Induction of Thioredoxin Reductase 1 by Korean Red Ginseng Water Extract Regulates Cytoprotective Effects on Human Endothelial Cells

1Department of Microbiology, School of Medicine, Kyung Hee University, Seoul 130-701, Republic of Korea
2Department of Physiology, School of Medicine, Kyung Hee University, Seoul 130-701, Republic of Korea

Received 31 March 2015; Accepted 18 June 2015

Academic Editor: Maria Camilla Bergonzi

Copyright © 2015 Hye Rim Park et al. This is an open access article distributed under the Creative Commons Attribution License, which permits unrestricted use, distribution, and reproduction in any medium, provided the original work is properly cited.

Abstract

Korean Red Ginseng is a popular herbal medicine and is widely used in many food products. KRG has biological benefits related to vascular diseases including diabetes, hypertension, atherosclerosis, and other cardiac diseases and KRG has antioxidant and anti-hyperlipidemic actions. KRG decreases the level of oxidative stress and suppresses proinflammatory cytokines and cell adhesion molecules, thus protecting endothelial dysfunction. Mammalian Thioredoxin reductase 1 is an NADPH-dependent selenoprotein, essential for antioxidant defense and DNA synthesis and repair, that regulates the redox system by modulating redox-sensitive transcription factors and thiol-containing proteins. Here, we show that KRG water extract increases the expression of TrxR1 in human umbilical vein endothelial cells via the p38 and PKC-δ signaling pathways. The induction of TrxR1 expression by KRG was confirmed by Western blot analysis and reverse transcription polymerase chain reaction. However, the increase in TrxR1 expression was abolished by specific silencing of the p38 and PKC-δ genes. In addition, we demonstrated that auranofin, a TrxR1 inhibitor, weakens the protective effect of KRG against H2O2-induced cell death as measured by the terminal transferase dUTP nick end labeling assay. These results suggest that KRG may have protective effects in vascular diseases by upregulating TrxR1 in endothelial cells, thereby inhibiting the generation of reactive oxygen species and cell death.

1. Introduction

The vascular endothelium is composed of a monolayer of cells and is an important organ for controlling vascular functions [1, 2]. The endothelium has multiple functions including regulation of vascular growth and remodeling, modulation of immune and thrombotic responses, and control of homeostasis and angiogenesis through interactions between the vessel wall and the immune cells [3, 4]. Impairment of endothelial function is implicated in most cardiovascular diseases, including diabetes, atherosclerosis, coronary artery disease, and hypertension [5, 6]. Oxidative stress-generated reactive oxygen species (ROS) are a major cause of endothelial dysfunction and damage endothelial cells by increasing the antioxidant defense mechanisms, altering vascular integrity, and increasing the accumulation of lipids, and protein peroxidation [79]. These alterations in the structure and function of vessel cells promote vascular disease [10].
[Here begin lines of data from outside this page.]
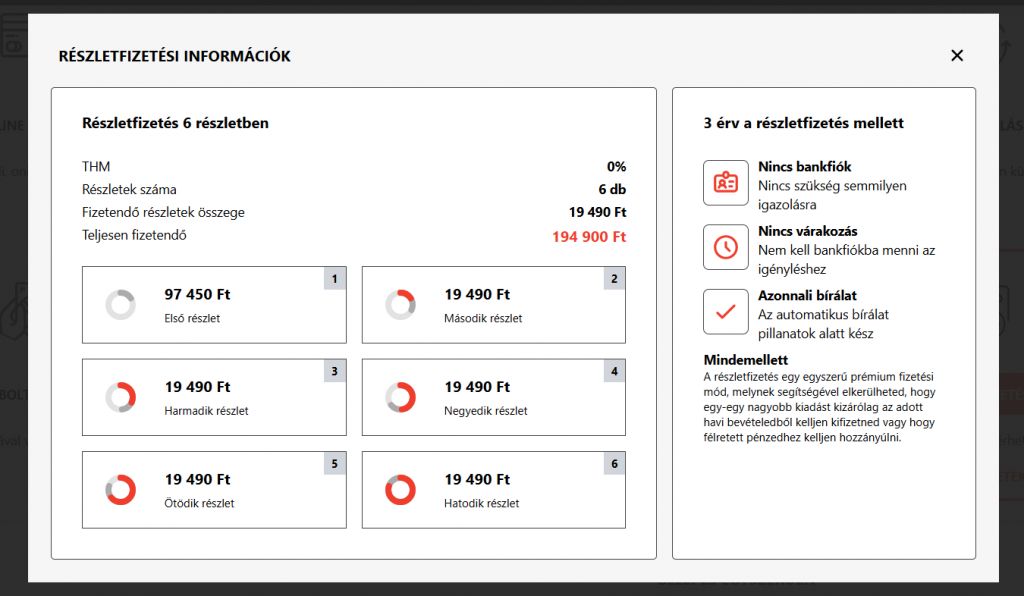 - Láthatóság és Egyértelműség – A részletfizetési lehetőség jól láthatóan, a többi fizetési mód között szerepeljen, kiemelve a legfontosabb előnyöket, például az alacsony havi törlesztőrészleteket és a gyors elbírálást.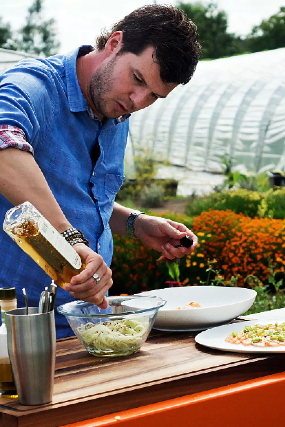 Meng de plattekaas met de gesnipperde sjalot en bieslook en breng op smaak met peper en zout.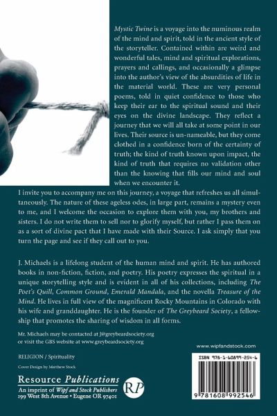 Mystic Twine is a voyage into the numinous realm of the mind and spirit, told in the ancient style of the storyteller. Contained within are weird and wonderful tales, mind and spiritual explorations, prayers and callings, and occasionally a glimpse into the author's view of the absurdities of life in the material world. These are very personal poems, told in quiet confidence to those who keep their ear to the spiritual sound and their eyes on the divine landscape. They reflect a journey that we will all take at some point in our lives. Their source is un-nameable, but they come clothed in a confidence born of the certainty of truth; the kind of truth known upon impact, the kind of truth that requires no validation other than the knowing that fills our mind and soul when we encounter it. I invite you to accompany me on this journey, a voyage that refreshes us all simultaneously. The nature of these ageless odes, in large part, remains a mystery even to me, and I welcome the occasion to explore them with you, my brothers and sisters. I do not write them to sell nor to glorify myself, but rather I pass them on as a sort of divine pact that I have made with their Source. I ask simply that you turn the page and see if they call out to you.
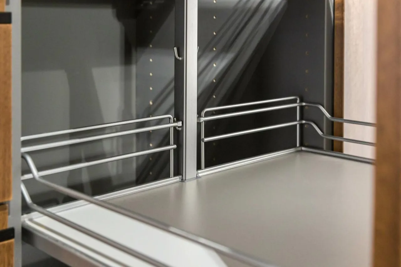 Dzięki prowadnicom pełnego wysuwu oraz systemowi cichego domyku obsługa półek cargo jest przyjemna i komfortowa.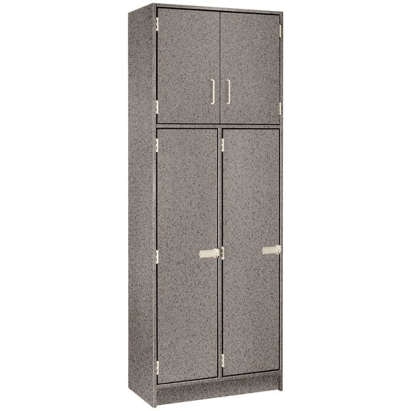 Provide a convenient and functional storage solution for employees or students with this I.D. Systems 30" x 18" x 84" gray nebula double four door storage locker with adjustable middle shelves 79027 B30 059! This specific model features an attractive gray nebula matte finish, making it ideal for break rooms, schools, or employee centers. It is constructed of durable 3/4" thick components with thermofused laminated faces and impact-resistant edges to withstand frequent use. Plus, the laminate surfaces are scuff- and stain-resistant to maintain the locker's appearance.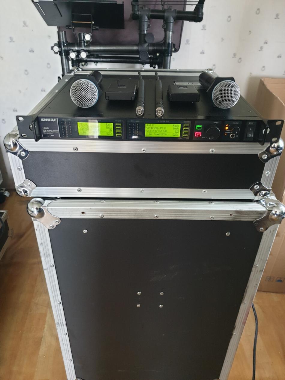 슈어UR4D무선마이크팝니다 J5(578~638) 핸드BETA58A 2개 벨트팩2개 안테나2개 전원케이블 상태깨끝하고이상없읍니다 가격300만원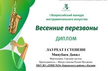 ♦ Хлюзова Диана (саксофон) - Лауреат сразу в нескольких Международных и Всероссийских конкурсах. Преподаватель Саляхова Л.Р.Поздравляем наших юных исполнителей с успехом и желаем дальнейших творческих побед!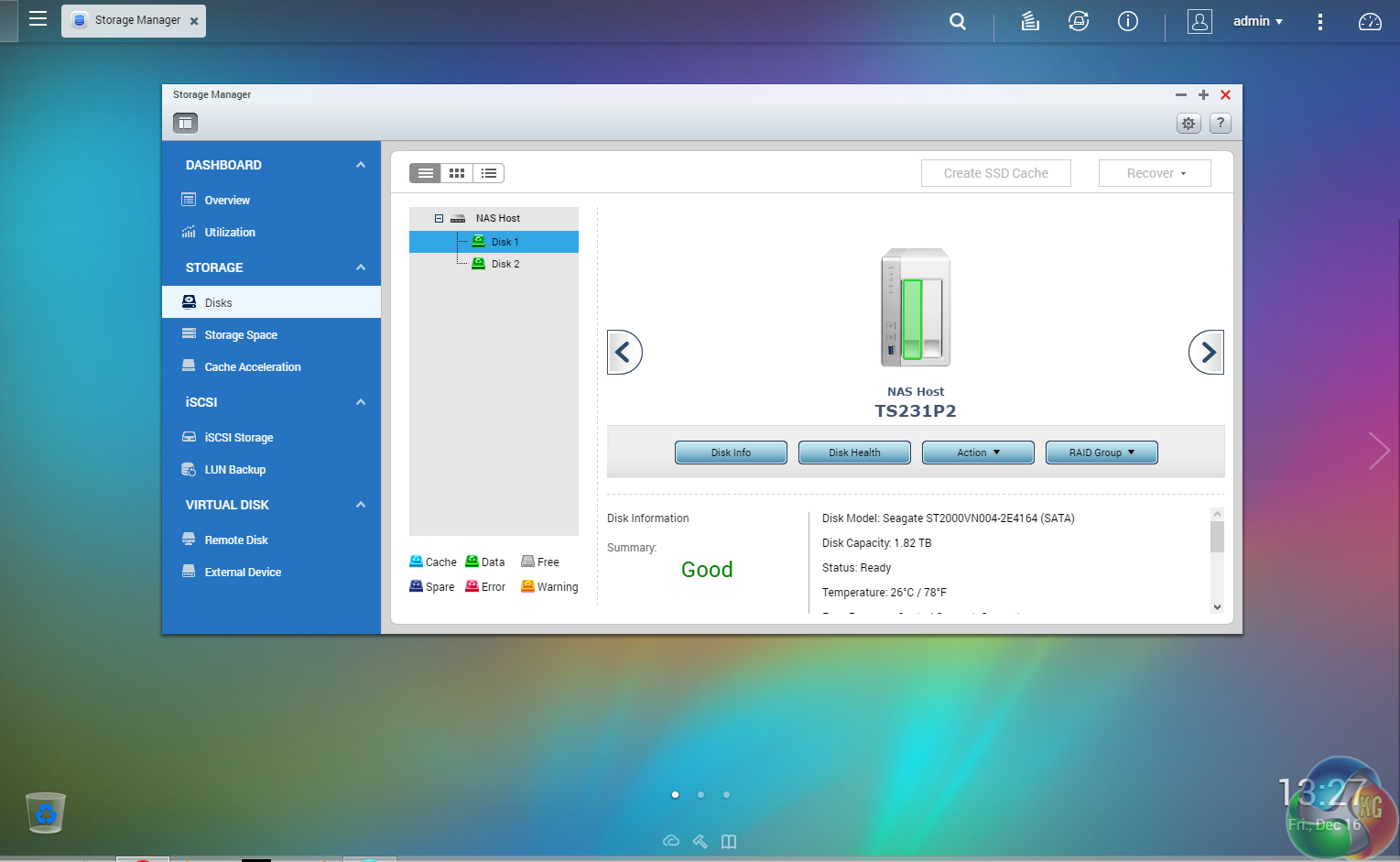 Storage Manager gives you complete control over setting up drives and volumes, in addition to showing how the capacity of the NAS is being used and warnings of potential failures. The Storage/Disks/VJBOD sub-menu displays individual drive information and health with a handy graphical display showing which drive is being interrogated.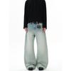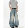 Kisko American Retro Bamboo Texture Contrast Stitching Deconstructed Scimitar Jeans Unisex Design Loose Straight Pants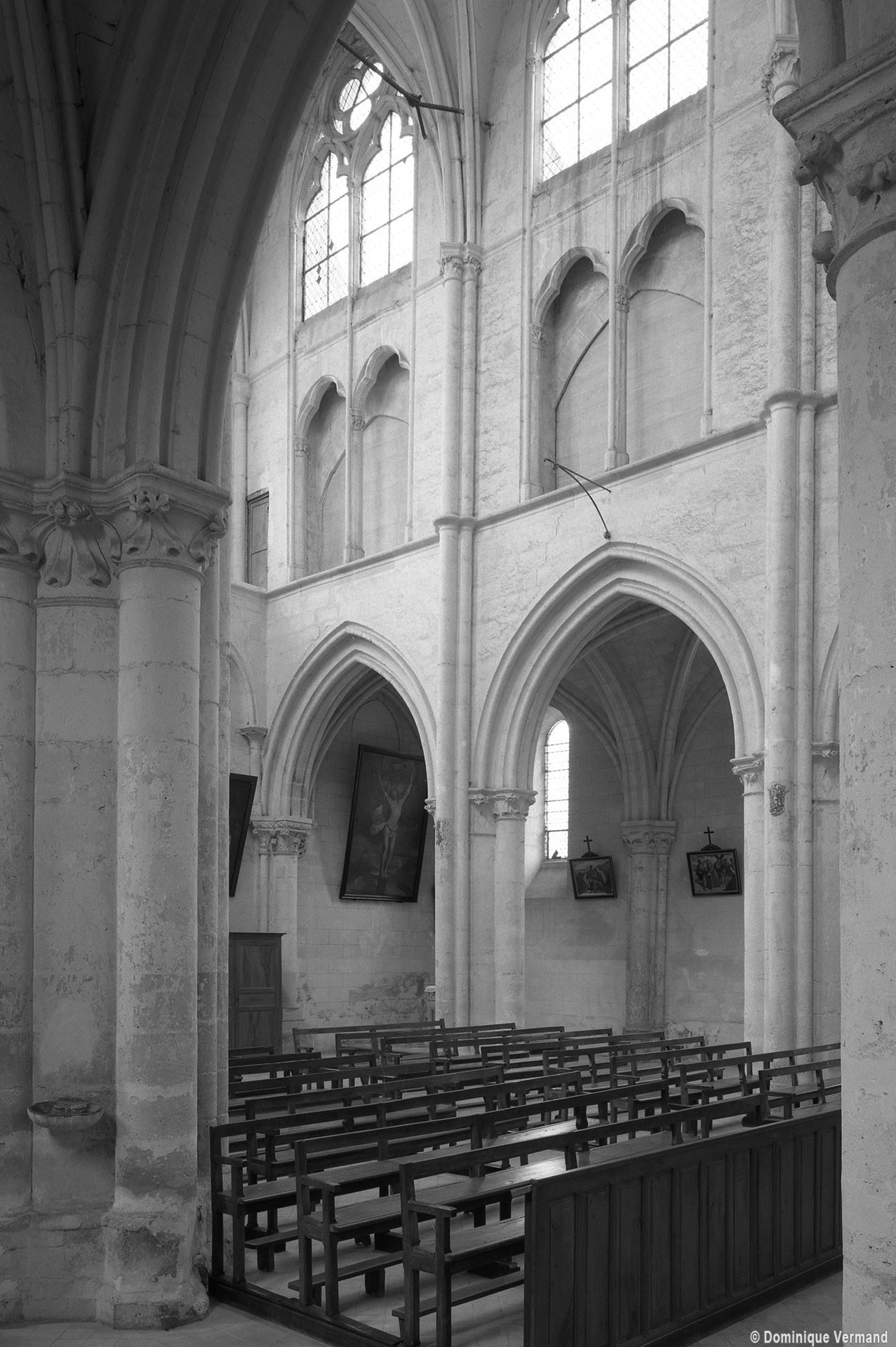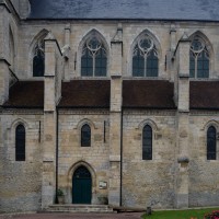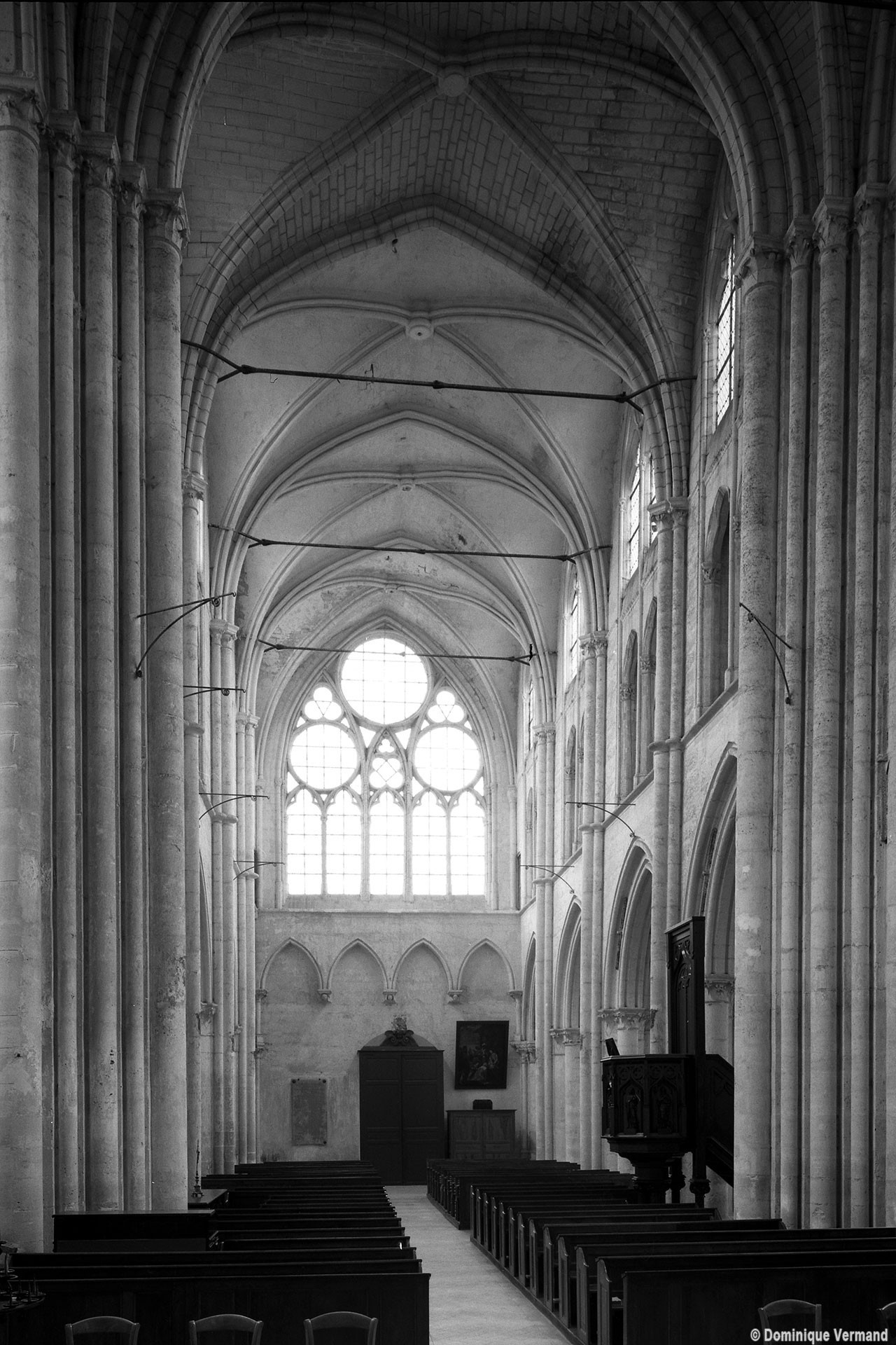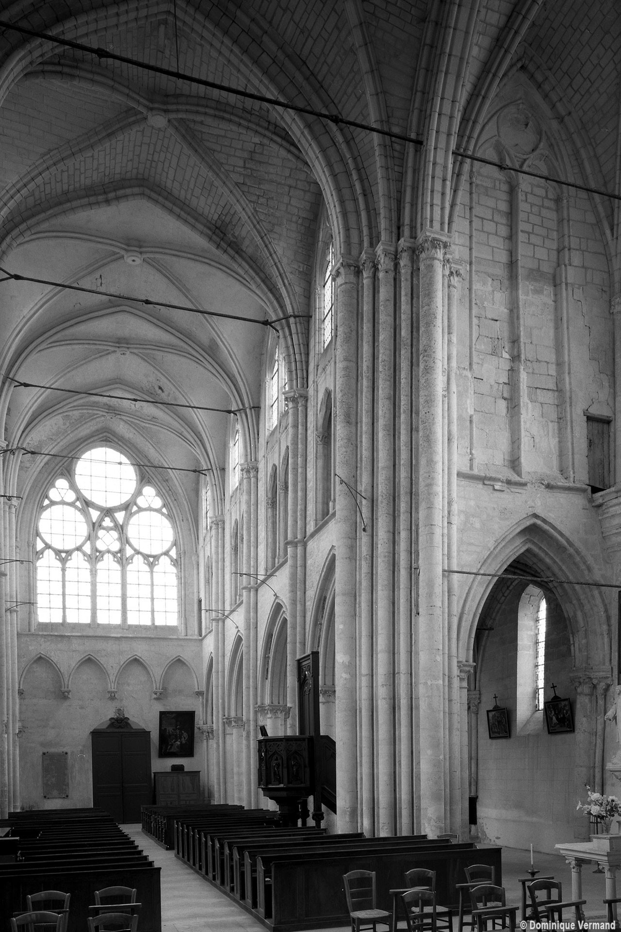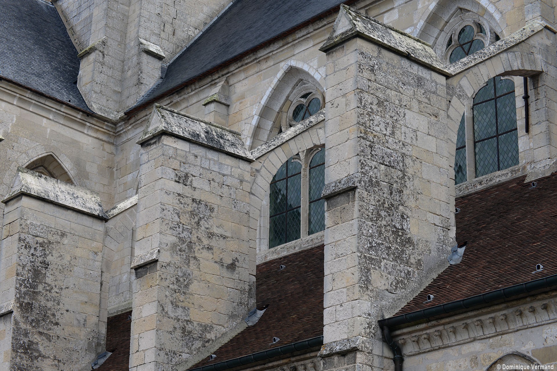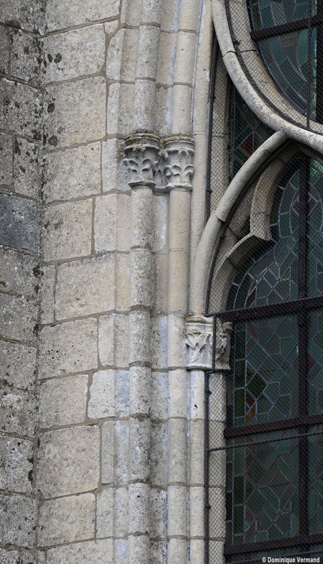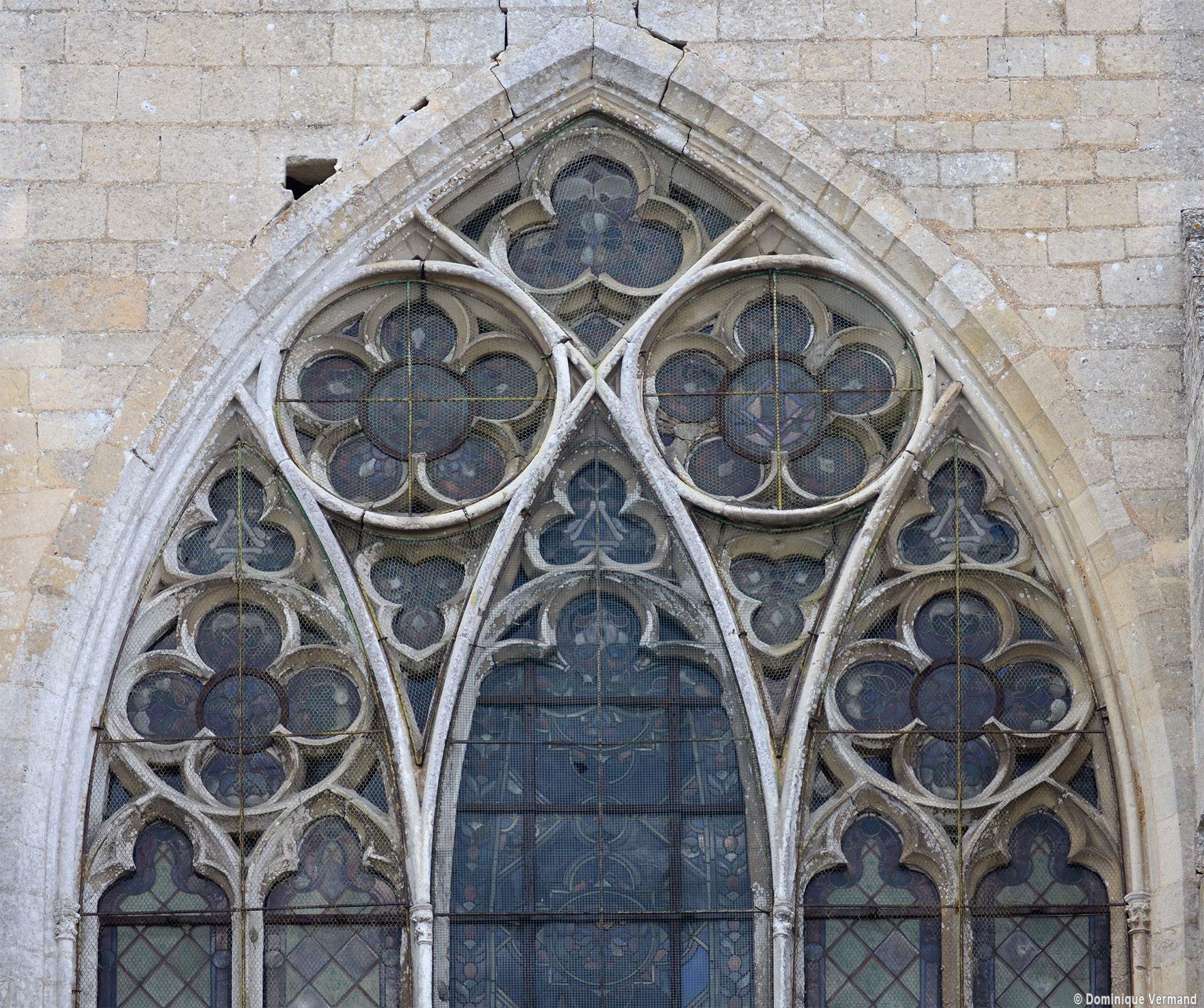 Une immense fenêtre au complexe et magnifique réseau rayonnant – dont la composition rappelle celle du chevet de Nointel – occupe, en façade, toute la largeur de la nef. Elle contraste avec le discret portail qui, séparé d’elle par un feston d’arcatures aveugles, s’ouvre au-dessous. Comme dans les grands édifices, des arcs-boutants épaulent, à l’extérieur, le vaisseau central. Le transept non saillant, éclairé au nord et au sud par deux grandes fenêtres rayonnantes, et la partie droite du chœur, accostée de bas-côtés, appartiennent également au 13ème siècle.

Korean Red Ginseng (KRG) is a traditional herbal medicine. Its consumption has recently been increasing owing to its inclusion in many food products, such as candy, snacks, jellies, and beverages [11]. KRG has many pharmacological and physiological protective benefits in various biological systems, including anti-inflammatory, antioxidant, anticancer, and antidiabetic effects [12, 13]. Recently, a number of studies have demonstrated the vascular protective properties of KRG including vasorelaxing and hypotensive effects [13, 14]. KRG increases the levels of nitric oxide (NO) and endothelial NO synthase (eNOS), which prevent endothelial cell damage and dysfunction [12, 15]. In addition, KRG protects endothelial cells by abrogating the production of NADPH-driven superoxide [14, 16], increases angiogenesis by signaling pathway activation, and improves endothelial function [17]. These protective effects of KRG may be beneficial in cardiovascular diseases including diabetes, hypertension, and atherosclerosis [18, 19].

Thioredoxin reductases (TrxR) are a family of selenocysteine-containing oxidoreductases that restore the reduced state of oxidized Thioredoxin (Trx) using electrons from NADPH + H+ [20]. There are three mammalian isoforms of TrxR: cytosolic TrxR1, mitochondrial TrxR2, and a testes-specific TrxR3 [21]. TrxR1 is well known as an antioxidant enzyme that modulates cellular function such as antiapoptosis, cell growth, and anti-inflammation [22, 23]. Thioredoxin systems, comprising Trx, TrxR, and NADPH, are highly conserved and play an essential role in redox regulation of immunomodulation, apoptosis, DNA synthesis, and cytotoxicant-induced oxidative stress [2426]. Oxidized Trx regenerates other antioxidant enzymes such as peroxiredoxin and influences transcription factors including Fos, Jun, and p53, which decrease the levels of ROS [27]. Recent research findings suggest that suppression of the Thioredoxin system may cause oxidative stress and promote apoptotic cell death [21, 28].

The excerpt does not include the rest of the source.